Apparently unable to turn the tide on the years of neglect, Burkemo eventually sold to golf architect George Fazio, who reportedly planned major renovations for Torrey Pines until he became stricken with illness and died.

Fenton Farms Developments Inc., a group of investors headed by golf course consultant and builder Paul Clute and retired automotive entrepreneur Jack Bott, who also owns Marsh Ridge Resort at Gaylord, acquired the course from Fazio's widow in January 1993. Clute convinced long-time friend Rich Funk, a Chicago area native with a lifelong interest in golf, to leave a career with a West Coast law firm and come to Michigan to join the project.

Coincidentally, Funk's passion for the game had been fostered at an early age by another tour pro, Felice Torza, the man who finished second to Burkemo in the '53 PGA Championship. Funk recalls how Torza, nicknamed the 'Toy Tiger,' offered to teach him the game after watching him knock balls around a make-shift course of empty cans at his grandparents' home.

Funk went on to play competitively throughout high school and college. Even as a lawyer, he says, his primary role in the firm became entertaining clients on the golf course, so the invitation to take on the challenge at Fenton Farms was a move he eagerly accepted and has never regretted.

While Funk took charge of day-to-day operations, long-time superintendent Paul Woodward, who began working at the course under Burkemo, remained on board. Funk's wife, Susasn, and son, Jim, soon joined the team, Susan as office and banquet manager, and Jim as director of golf. Daughter Christina Funk also works in the office while still attending college.

With new owners and management in place, reversing decades of decline became the first order of business. "The course was pretty run down and sadly in need of a lot of work," Funk recalls.

Fariways that had not seen fertilizer or weed killer in years had become a virtual sea of dandelions, and the equipment was archaic at best, according to Woodward. Watering had previously been possible only on the tees and greens by use of garden hose.

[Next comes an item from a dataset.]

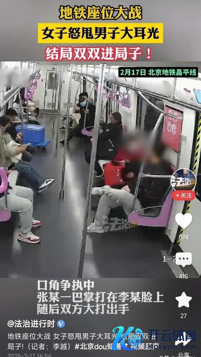 声明:本文实质均援用采集而已皆集个东说念主不雅点进行撰写欧洲杯体育,请悉知。 无意候,突破经常从一件小事运转,比如一个座位的包摄问题。北京地铁昌平线上,一场小小的座位纠纷,硬是被两位乘客演绎成了一场“拳脚交锋”。女子先是一巴掌扇以前,须眉也出头出面,凯旋回敬。最终,两边谁也没能占到低廉,双双被拘留罚金。 这事儿一出,网友炸开了锅:先动手的怎样和还手的处罚一样?是不是以后谁动手都算互殴? 事情发生在北京地铁昌平线。别称41岁的女子张某在搭车时,为了多占一个座位,把我方的包放在掌握的空座上。另别称

A complete watering system was installed, several holes were redesigned and rebuilt, and a practice range was added. In 1995, as part of a land sale for a very successful condominium project, two new holes were created and two "awful" ones from the old course were abandoned.

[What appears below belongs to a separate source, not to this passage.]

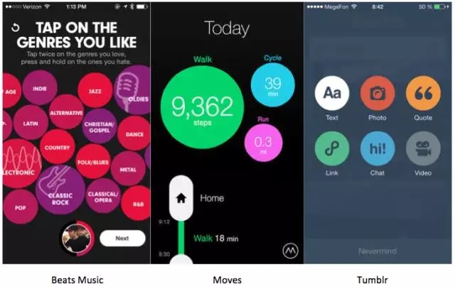 Beats Music把選擇喜歡的標簽設計成了圓形,這就比普通的列表、矩形tag的感覺要好很多,更加趣味更具探索性。Movse每天走的步數(shù)、消耗的卡路里均用圓形承載,是數(shù)據(jù)可視化、關鍵信息顯性化的最好案例。Tumblr則把要創(chuàng)建的內(nèi)容的類型選擇,用蒙層+圓形選項按鈕來設計,讓選擇變得專注而明確,又不那么死板。

The transformation also saw the addition of more than 50 new bunkers, three ponds and the planting of some 500 new trees, resulting in a completely new look to what Funk characterizes as a classic rolling design of the 20s and 30s.

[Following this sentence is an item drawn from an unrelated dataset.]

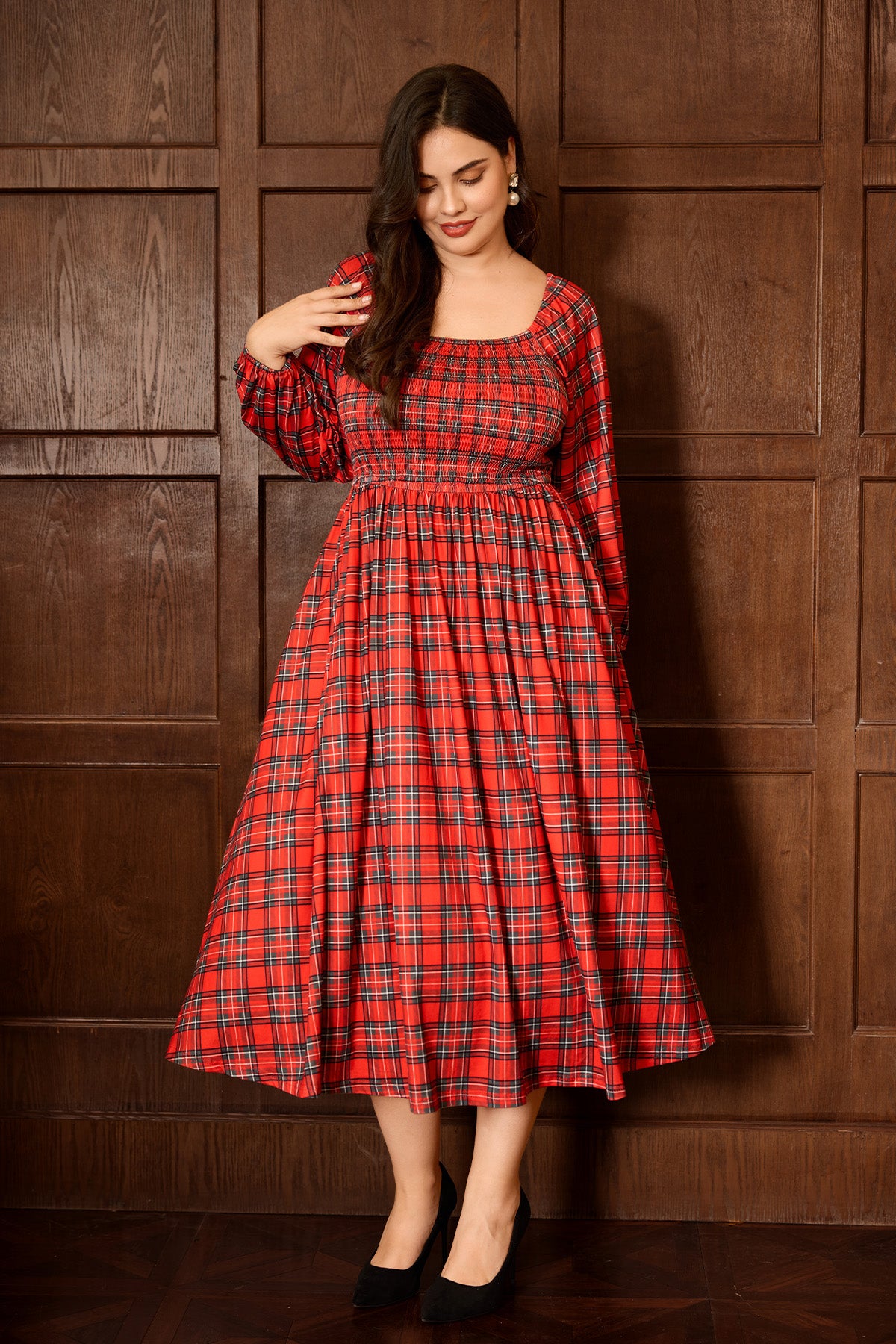 Step into the season with style and comfort in our enchanting "Harvest Plaid" Smocked Midi Dress. This vibrant red tartan dress is a true showstopper, blending classic appeal with modern design elements to create a flattering and versatile piece for your wardrobe. Perfect for crisp fall days, holiday gatherings, or simply adding a touch of cozy elegance to your everyday look.

The best part, Funk adds, is that the course is still evolving. "In ten years," he says, "this will be a totally different golf course from the one you see today."

The track is not a long one, measuring just under 6,600 yards from the blue tees. The length is a bit deceptive, though, considering there are five par-threes. Par is 72/70 with a rating of 71.7 and 74.3. Slope is 125 for men, 128 for women.

While both nines start out with three relatively harmless holes, Nos. 4 through 7 and 13 through 18 can be quite challenging, requiring well-place approaches to avoid nearly impossible up-and-downs around small, well-sloped greens. "Holes 4 through 7, especially will tax you," Funk promises. No. 13, one of the two new holes, is the signature hole - a 184-yard par-three that requires a tee shot of at least 160 yards to carry a wetland.

Notable also is the fact that many holes on the 160-acres are cut through or bordered by areas posted as "environmentally sensitive," where the grasses, wetlands and woodlots are undisturbed natural habitat areas. Carts are prohibited in these areas by local rule.

Now in its seventh season as Fenton Farms, the course has seen play increase substantially each year, according to Funk, drawing players from Flint, Lansing, Ann Arbor, even Pontiac and Detroit on weekends. "We even get a fair number of people who come in just because they've seen the course while traveling the highway," Funk said, adding that tee times generally are required, although staff tries to work walk-ups in whenever possible.

Fees are affordably priced at $23 to $30 weekdays for 18 holes with cart, $35 on weekends. The course also offers one free 18-hole round for each five paid rounds played.